Recently we have started to see a change in many things.  At a little over a year and half (corrected) both James and Andrew are right where they should be developmentally.  The words are coming more and more every day; the physical ability to match thoughts to actions is constantly evolving; the recognition of shapes, images and the world around them is beyond amazing to a first time dad.  One of the more interesting changes though is the development of imp-ism.

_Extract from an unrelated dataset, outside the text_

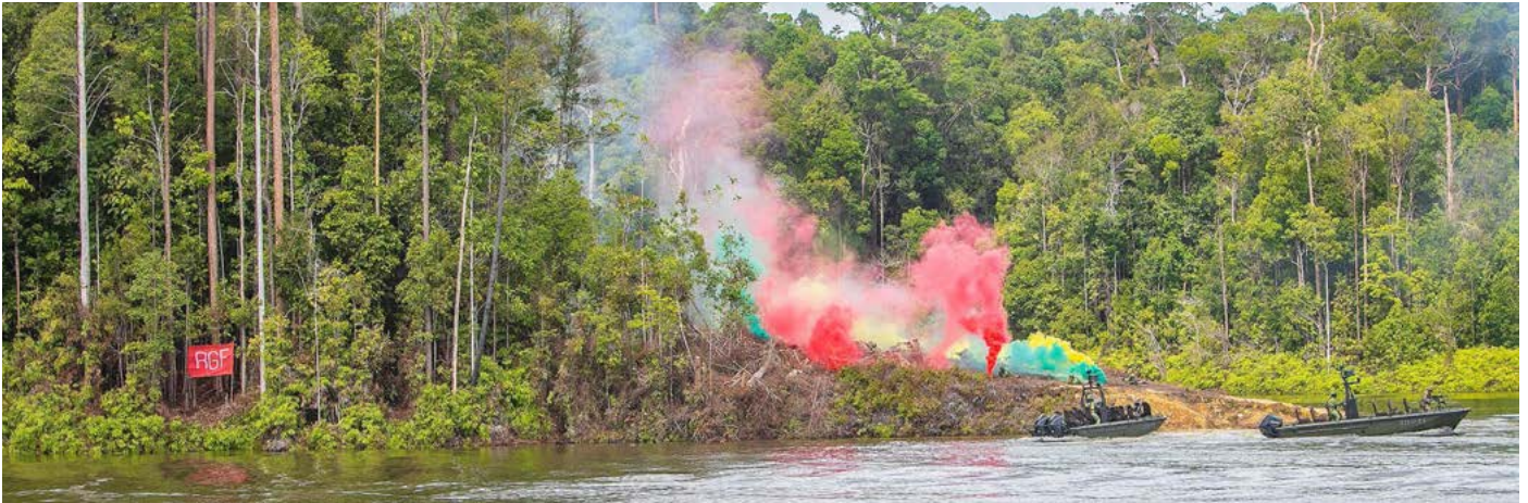
The Jungle Warfare Demonstration taking place (above and below).

At one point in time, Adrienne and I could be sure that our direction, if understood, would be followed.  A few months ago, and what seems like on an ever increasing trajectory, this began to shift.  It is now not uncommon for a request to cease and desist to be met with a side ways glance, a coy smile and a slow and purposeful continuation of whatever activity has been deemed questionable, often accompanied by a follow up look to ensure that it has been seen.  This has made for some frustrating moments but more often than not experiences that challenge our ability to keep a straight face.  Some might think that we are doing irreparable damage by losing control and laughing at the occasional display of disobedience but as long as they aren't in danger...really no harm, no fowl...that and I guess only time will tell...As mentioned though, what can be concerning is a lack of understanding of when danger is present.  We have toyed with different words, although we have not found one that seems to have a great deal of impact.  So, this is something to work on, or seek some advice on...If anyone has any suggestions, please add them to the comment section... It's also a task that seems to be even more important with the rise in temperatures and more frequent forays into the outside world.  There are times, when thinking about walking through a parking lot, or playing at the front of the house causes dad, a notorious worrier, a few too many moments of angst, but I guess that's what part of this whole parenting thing is about and is also combated nicely by a very attentive mom and dad.  Not smothering, but attentive.

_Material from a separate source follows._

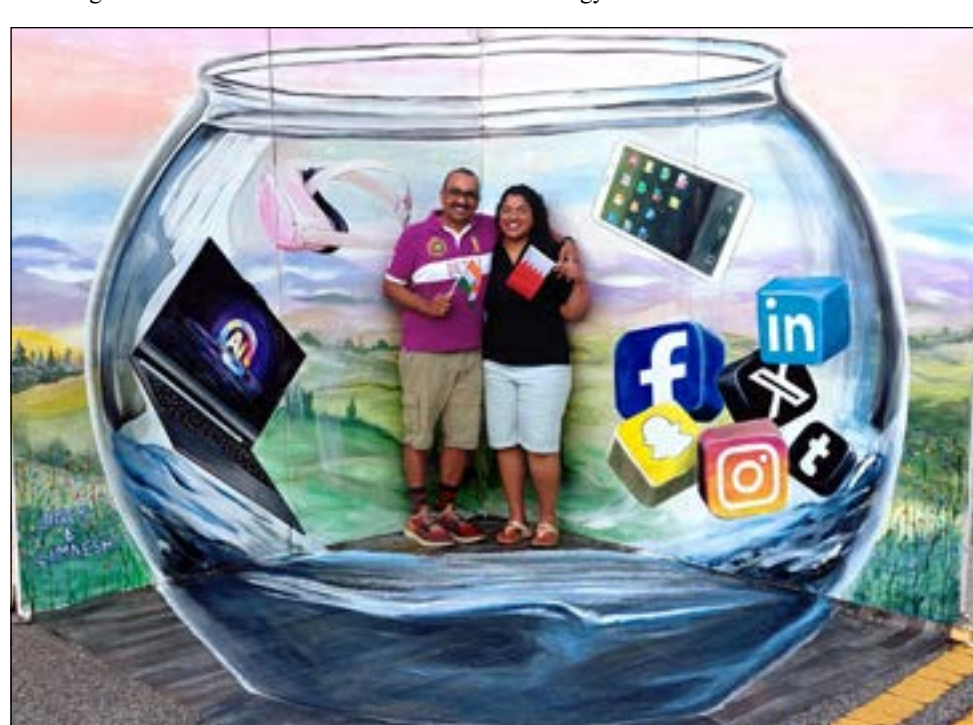
TEAMING UP: The couple representing Bahrain and India with Digital Aquarium

So my little imps...I mean men.  What I am learning from you each day is how, sometimes, it's important to test convention and to push limits.  Life would be pretty boring without a little mischief, and I would hazard a guess that a few of the more important discoveries would not have been made if everyone subscribed to all rules being truth and beyond question.  What is important in this context is that you have weighed out the consequences of your actions, taken into account your impact on yourself and others and have concluded that the benefits of crossing the line outweigh the consequences of your actions.  If the benefits are for you and you alone, I might suggest that your efforts outside of the rule book may be quite selfish or perhaps might be worth reconsidering.  If the benefits are retrieving a raisin from on top of the fire place using a dump truck as a step stool, I might question your sense of priorities.  In the end, life itself is a great teacher and there is a saying that rules are meant to be broken, as your dad, I would simply ask that you listen to everything I say...but seriously, I would hope that you do your due diligence before taking the leap, because consequences are not always accompanied by a soft landing.

Love,

Dad

PS - Thanks for the lovely "I love you"s over the phone tonight, you made my day
PPS - Thanks also for showing me the difference between a plane and a truck, multiple times, for the better part of an hour, each day...it's weird, but I am seriously loving it!!!!